Une fois diagnostiqué, le mélanome sera classé en fonction de son épaisseur, de son ulcération et de sa propagation aux ganglions lymphatiques ou à d’autres organes. À cet effet, le système de stadification de l’American Joint Committee on Cancer (AJCC) est couramment utilisé.
- Stade 0 : mélanome confiné à l’épiderme
- Stade I : mélanome de moins de 2 mm d’épaisseur, avec ou sans ulcération
- Stade II : mélanome de plus de 2 mm, avec ou sans ulcération
- Stade III : mélanome disséminé aux ganglions lymphatiques régionaux
- Stade IV : mélanome métastasé à des organes distants.
Le pronostic du mélanome dépend fortement de son stade au moment du diagnostic. Les mélanomes détectés tôt, soit lorsqu’ils sont encore superficiels, ont un très bon pronostic. Cependant, les mélanomes plus avancés ont des taux de survie bien moindre. Au stade I, les taux de survie sont de 99,6% à cinq ans, alors qu’ils diminuent à 73,9% s’il y a eu propagation aux tissus environnants et à 35,1% en cas de métastases à distance. D’où l’importance de les détecter précocement.
Le traitement du mélanome est principalement chirurgical à des stades précoces. Dans certains cas plus avancés, une dissection des ganglions lymphatiques sera pratiquée. Il n’y a pas si longtemps, les mélanomes invasifs connaissaient une fin tragique.
Récemment, le paysage thérapeutique du mélanome avancé ou métastatique a grandement évolué grâce à l’apport de l’immunothérapie et de la thérapie ciblée. La radiothérapie adjuvante est encore utilisée pour traiter le mélanome qui s’est propagé au cerveau ou à d’autres zones afin de soulager les symptômes. La chimiothérapie s’est avérée peu efficace. Des vaccins thérapeutiques sont en phase de recherche.
Prévenir le mélanome demeure la meilleure forme de guérison.
Conseils clés pour prévenir un mélanome
1. Éviction solaire. Cherchez l’ombre et minimisez les activités extérieures entre 10h et 16h lorsque les rayons UV sont à leur plus fort.
2. Application d’une crème solaire à large spectre avec un indice de protection FPS supérieur à 30 toutes les deux heures (même si vous êtes à l’ombre) et après une baignade.
3. Port de vêtements de protection à manches longues, pantalons longs et chapeau à larges bords, lunettes de soleil bloquant les UV. Privilégiez des vêtements avec un facteur de protection ultraviolet (FPU).
4. Abolition de l’usage des cabines de bronzage.
5. Éducation sur les médicaments photosensibilisants (tétracycline, ibuprofène, diurétiques, certains antidépresseurs, amiodarone, isotrétinoïne, etc.).
6. Autoexamens réguliers de la peau.
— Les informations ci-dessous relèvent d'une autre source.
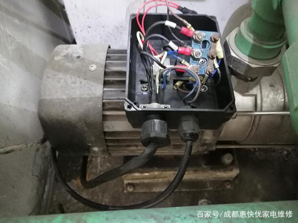 到了茶樓后首先檢查電源,未開啟,用戶也說之前開啟后就跳閘了,就沒有再去開過,檢查發(fā)現(xiàn)空開已經(jīng)跳開,于是先把機(jī)器打開,檢查有沒有短路的地方,首先想到是壓縮機(jī),主機(jī)內(nèi)有兩臺(tái)5P壓縮機(jī),用搖表檢查了所有的壓縮機(jī)接線后沒有發(fā)現(xiàn)問題,看來不是壓縮機(jī)壞了,接著檢查風(fēng)機(jī)也沒有發(fā)現(xiàn)短路,循環(huán)水泵檢查發(fā)現(xiàn)線圈阻值不正常,它這個(gè)循環(huán)泵也是用的三相電源,接觸器引線有三條用萬用表檢測(cè)阻值已經(jīng)無窮大,顯然水泵是燒了,打開水泵電機(jī)外殼,發(fā)現(xiàn)里已經(jīng)完成燒斷。

Demandez de l’aide pour vérifier les zones difficiles à voir ou utilisez un miroir.
7. Consultation d’un professionnel de la santé (médecin de famille ou dermatologue) si vous avez une lésion suspecte et surtout si vous avez des antécédents familiaux de cancer de la peau ou d’autres facteurs de risque.
8. Alimentation saine avec une diète riche en antioxydants pour améliorer la performance de votre système immunitaire.
En intégrant ces stratégies dans votre routine quotidienne, vous pouvez réduire énormément votre risque de développer un mélanome. N’oubliez pas que le dépistage systématique des signes du mélanome et l’importance d’un traitement précoce sont cruciaux pour réduire les taux de mortalité. Les beaux jours ne sont pas terminés, soyez prudents et bonne rentrée!